5 Replies to “Battery Check!”

  1. I've seen batteries that look like this, and they all had been excessively overcharged. This can happen if the battery has an inexpensive battery charger connected and left for days. The open circuit voltage of these is 15 to 16 volts , which is way too high.
    The other situation is that the aircraft voltage regulator is defective or miss-adjusted.
    A voltmeter in the aircraft is critical to seeing that the battery is not overcharged, or undercharged. The normal alternator voltage should be 14.0 to 14.2 volts.

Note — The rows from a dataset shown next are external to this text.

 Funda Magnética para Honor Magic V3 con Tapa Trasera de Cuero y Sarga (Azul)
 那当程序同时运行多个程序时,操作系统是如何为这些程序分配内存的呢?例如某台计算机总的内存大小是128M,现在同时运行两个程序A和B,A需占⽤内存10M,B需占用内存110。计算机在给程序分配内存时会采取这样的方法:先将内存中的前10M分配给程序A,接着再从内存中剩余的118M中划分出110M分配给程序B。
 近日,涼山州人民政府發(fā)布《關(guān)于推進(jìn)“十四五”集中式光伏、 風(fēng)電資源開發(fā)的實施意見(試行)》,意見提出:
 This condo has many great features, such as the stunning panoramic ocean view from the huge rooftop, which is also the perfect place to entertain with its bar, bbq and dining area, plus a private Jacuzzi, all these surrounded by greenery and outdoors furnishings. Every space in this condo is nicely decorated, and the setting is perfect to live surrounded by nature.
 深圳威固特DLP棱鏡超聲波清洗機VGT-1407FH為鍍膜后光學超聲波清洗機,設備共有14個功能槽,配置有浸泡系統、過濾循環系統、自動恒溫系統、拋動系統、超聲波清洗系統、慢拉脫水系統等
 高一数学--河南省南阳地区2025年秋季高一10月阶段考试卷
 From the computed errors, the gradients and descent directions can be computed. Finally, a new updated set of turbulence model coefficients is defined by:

  2. JimH is right, but on a homebuilt I'm surprised an external component could even get to this state; a healthy paranoia on kit you installed yourself can be useful. In the busy cockpit (I fly weight shift) idiot lights are even more useful than a voltmeter, you can buy a big coloured LED that is easy to hook up to any 12v point and earth or negative, and glows red for undercharge, green for ok and flashing red for over cooking it above 14v. Mine came from an eBay seller in Scotland

  3. I put an Oddysey PC 680 battery in my new RV-9A in 2006 and replaced it in five years when my mechanic said it was weak on the load test. I put it in my motorcycle and it is still going strong. My buddy has had two of them in his RV-9A over the same time and the old one is in his lawn tractor. None of these show the kind of distortion Paul experienced.

  4. Your voltage regulator is not functioning. It is cactus, kaput, broken, not working. You're battery has taken on the function of regulator by absorbing the excess voltage of the generator/alternator. It does this by boiling off the electrolyte in the battery while still keeping the voltage down to about 14.2 volts. This causes excessive heat and pressure which has distorted the battery housing. If you do nothing except replace the battery, it will happen again to the new battery. If you let it go on until there is no longer enough electrolyte to maintain 14.2 volts. The voltage will rise quite quickly ( perhaps in only minutes) to whatever is being generated. Possibly 20 to 25 volts. What do you think that will do to every electrical component in you aircraft that is switched on at the time. What was the price of that glass cockpit again? Ask Jim Weir to explain this to you. The fundamental rule is, "DO NOT RUN ANY EQUIPMENT WHICH HAS HAD A DAMAGED BATTERY UNTIL YOU HAVE ASSERTAINED THE CAUSE OF THE DAMAGE" .Quite often the battery has served the function of a fuse or circuit breaker.